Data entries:
───
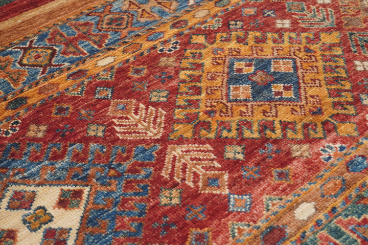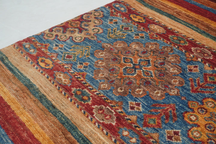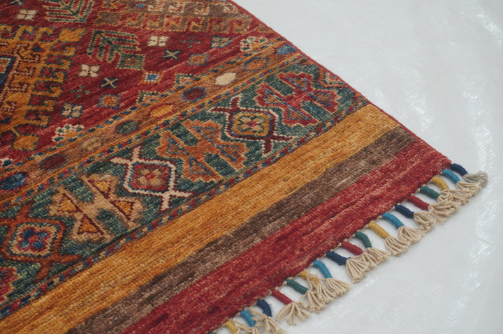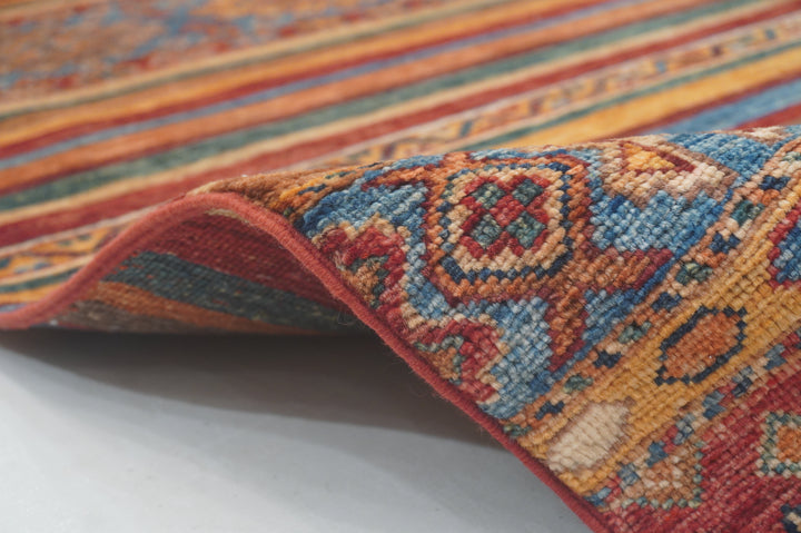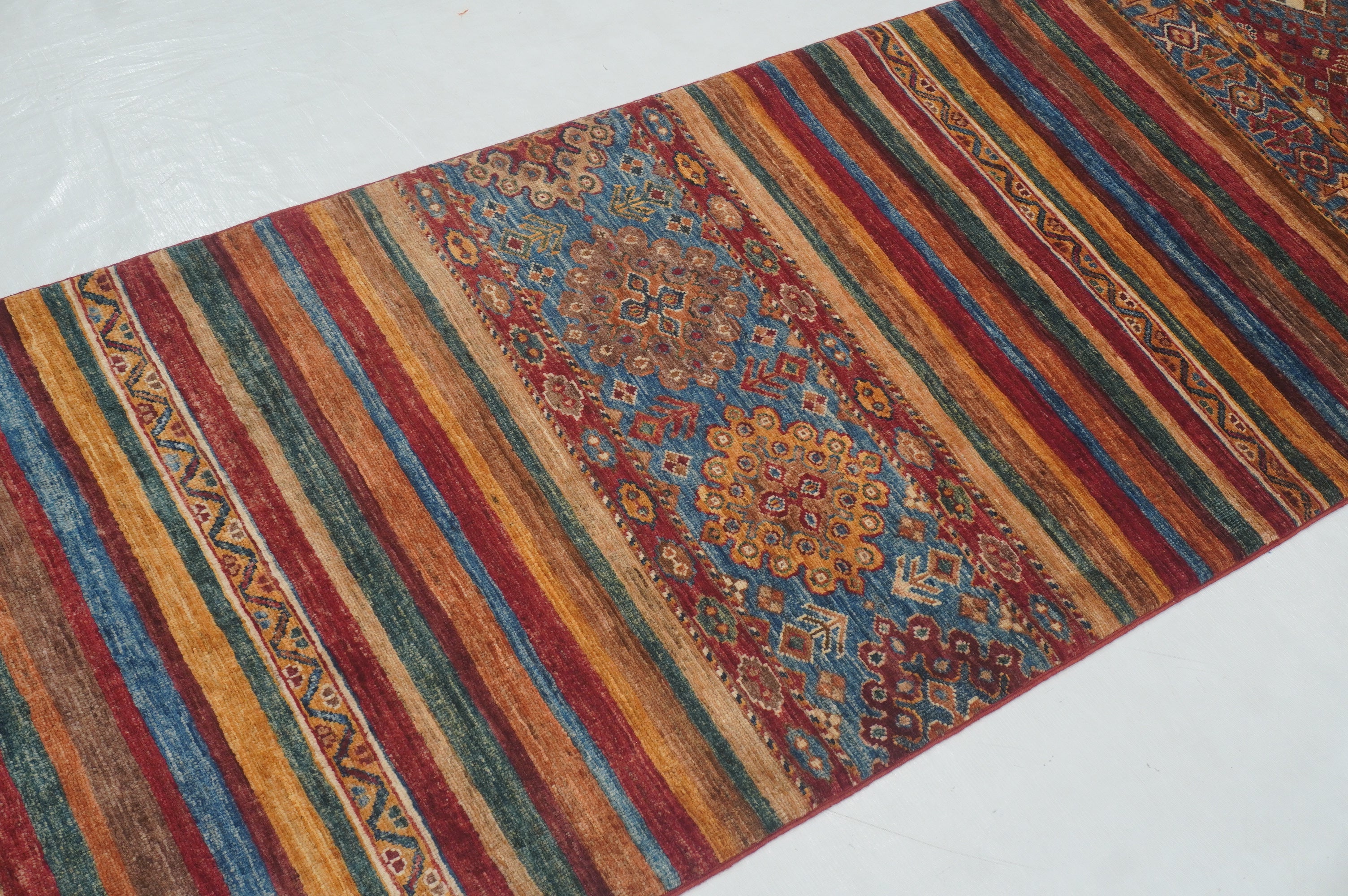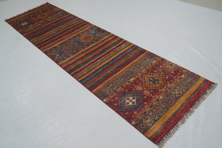 3 x 10 Red Tribal Striped Pattern Hand knotted Runner Rug
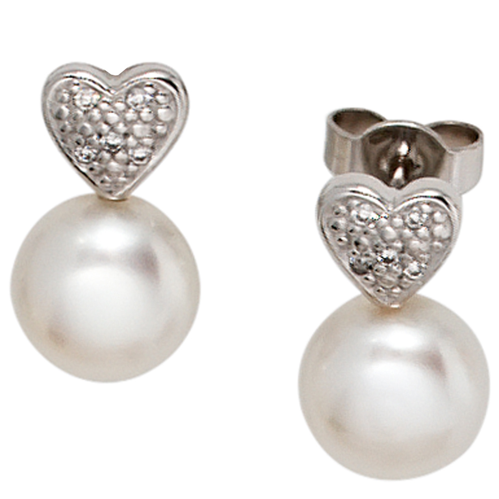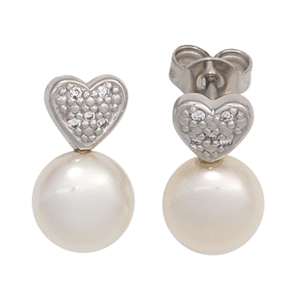 Ohrstecker Herz 585 Gold Weißgold 2 Süßwasser Perlen 10 Diamanten Ohrringe
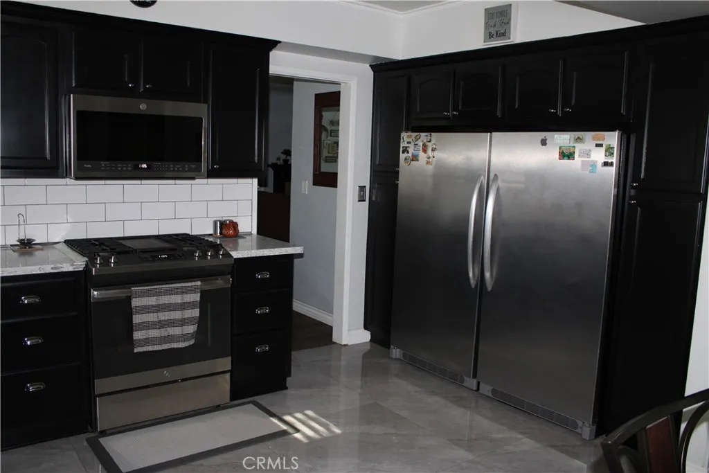 Updated contemporary North Ontario corner-lot home featuring 3 bedrooms and 2.5 baths and no HOA. Inside, youll find both a formal dining room and a cozy eat-in kitchen with a butcher-block island and tiled floors. The kitchen is enhanced with quartz countertops, a farmhouse sink, microwave, and dishwasher. Ceiling fans are installed in every room for added comfort, and all bedrooms offer natural wood flooring. Both full bathrooms feature glass walk-in showers, and the primary bedroom includes a sliding glass door with direct access to the backyard. Enjoy two fireplacesone in the living room and another in the spacious entertainment room. The entertainment room also opens through a sliding glass door to a beautifully maintained yard. The landscaped backyard includes orange and lemon trees and automatic sprinklers in both the front and back yards. The fully enclosed backyard, secured with an electric gate, provides ample space for RV storage and includes a Tuff Shed for additional storage. Spend evenings under the pergola or in the covered outdoor kitchen. This home also features a security monitoring system that captures the entire outdoor area.
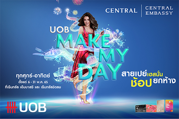 สายเปย์ สายช้อป ต้องโดนใจกับโปรโมชัน UOB Make My Day สายเปย์เฮสนั่น ช้อปยกห้าง ณ ร้านค้าภายในศูนย์การค้าและห้างสรรพสินค้าเซ็นทรัล เอ็มบาสซี และเซ็นทรัล ชิดลม ทุกวันศุกร์-เสาร์-อาทิตย์ ระหว่างวันที่ 6 พ.ค. 65 – 31 พ.ค. 65
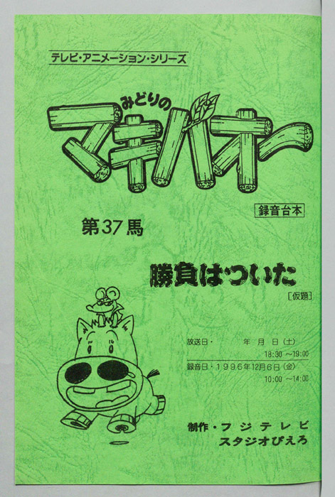 主な出演 : 多平七郎)加賀谷純一,(服部政人:半蔵)大滝進矢,(アマゴワクチン)松本保典,(山中騎手)大川透,(立原)宝亀克寿,(サドミアマゾン)大滝進矢,(アナウンサー)吉田伸男【みどりのマキバオー】北海道の牧場『みどり牧場』の名馬「ミドリコ」から、まるでロバのような不思議な姿の馬「マキバオー」が生まれる。その後、みどり牧場の借金を返済する為、ミドリコが堀江牧場へ売られることになり、母
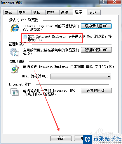 5、將“如果Internet Explorer不是默認的Web瀏覽器,提示我”前面的勾子去掉,然后點擊確定,如下圖所示。
───
Your answer must be the lines from the opening line of the entries through the line holding "สายเปย์ สายช้อป ต้องโดนใจกับโปรโมชัน", written out exactly and without any picture.

 3 x 10 Red Tribal Striped Pattern Hand knotted Runner Rug
 Ohrstecker Herz 585 Gold Weißgold 2 Süßwasser Perlen 10 Diamanten Ohrringe
 Updated contemporary North Ontario corner-lot home featuring 3 bedrooms and 2.5 baths and no HOA. Inside, youll find both a formal dining room and a cozy eat-in kitchen with a butcher-block island and tiled floors. The kitchen is enhanced with quartz countertops, a farmhouse sink, microwave, and dishwasher. Ceiling fans are installed in every room for added comfort, and all bedrooms offer natural wood flooring. Both full bathrooms feature glass walk-in showers, and the primary bedroom includes a sliding glass door with direct access to the backyard. Enjoy two fireplacesone in the living room and another in the spacious entertainment room. The entertainment room also opens through a sliding glass door to a beautifully maintained yard. The landscaped backyard includes orange and lemon trees and automatic sprinklers in both the front and back yards. The fully enclosed backyard, secured with an electric gate, provides ample space for RV storage and includes a Tuff Shed for additional storage. Spend evenings under the pergola or in the covered outdoor kitchen. This home also features a security monitoring system that captures the entire outdoor area.
 สายเปย์ สายช้อป ต้องโดนใจกับโปรโมชัน UOB Make My Day สายเปย์เฮสนั่น ช้อปยกห้าง ณ ร้านค้าภายในศูนย์การค้าและห้างสรรพสินค้าเซ็นทรัล เอ็มบาสซี และเซ็นทรัล ชิดลม ทุกวันศุกร์-เสาร์-อาทิตย์ ระหว่างวันที่ 6 พ.ค. 65 – 31 พ.ค. 65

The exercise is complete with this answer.